Problem requirements =>
What is needed is an exact reproduction of the lines from the one that contains "②当面の外出に関しては通院以外は禁止とさせていただきます。" through the end of the data, both included and nothing else, with pictures omitted.

Information shown =>
▼
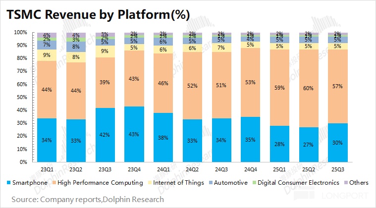 b.下游应用端:公司本季度收入环增的主要来自于机业务,其中 iPhone 新机备货是主推力。受英伟达、博通等 AI 芯片需求的带动,高性能计算依然是公司最大的收入来源,本季度达到 189 亿美元,收入占比 57%。
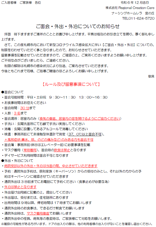 ②当面の外出に関しては通院以外は禁止とさせていただきます。
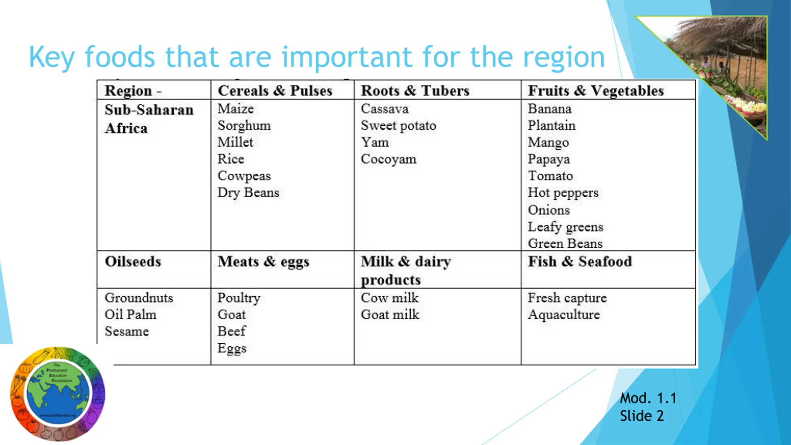 Key foods that are important for the region Mod. 1.1 Slide 2
▲
Reply to the task =>
 ②当面の外出に関しては通院以外は禁止とさせていただきます。
 Key foods that are important for the region Mod. 1.1 Slide 2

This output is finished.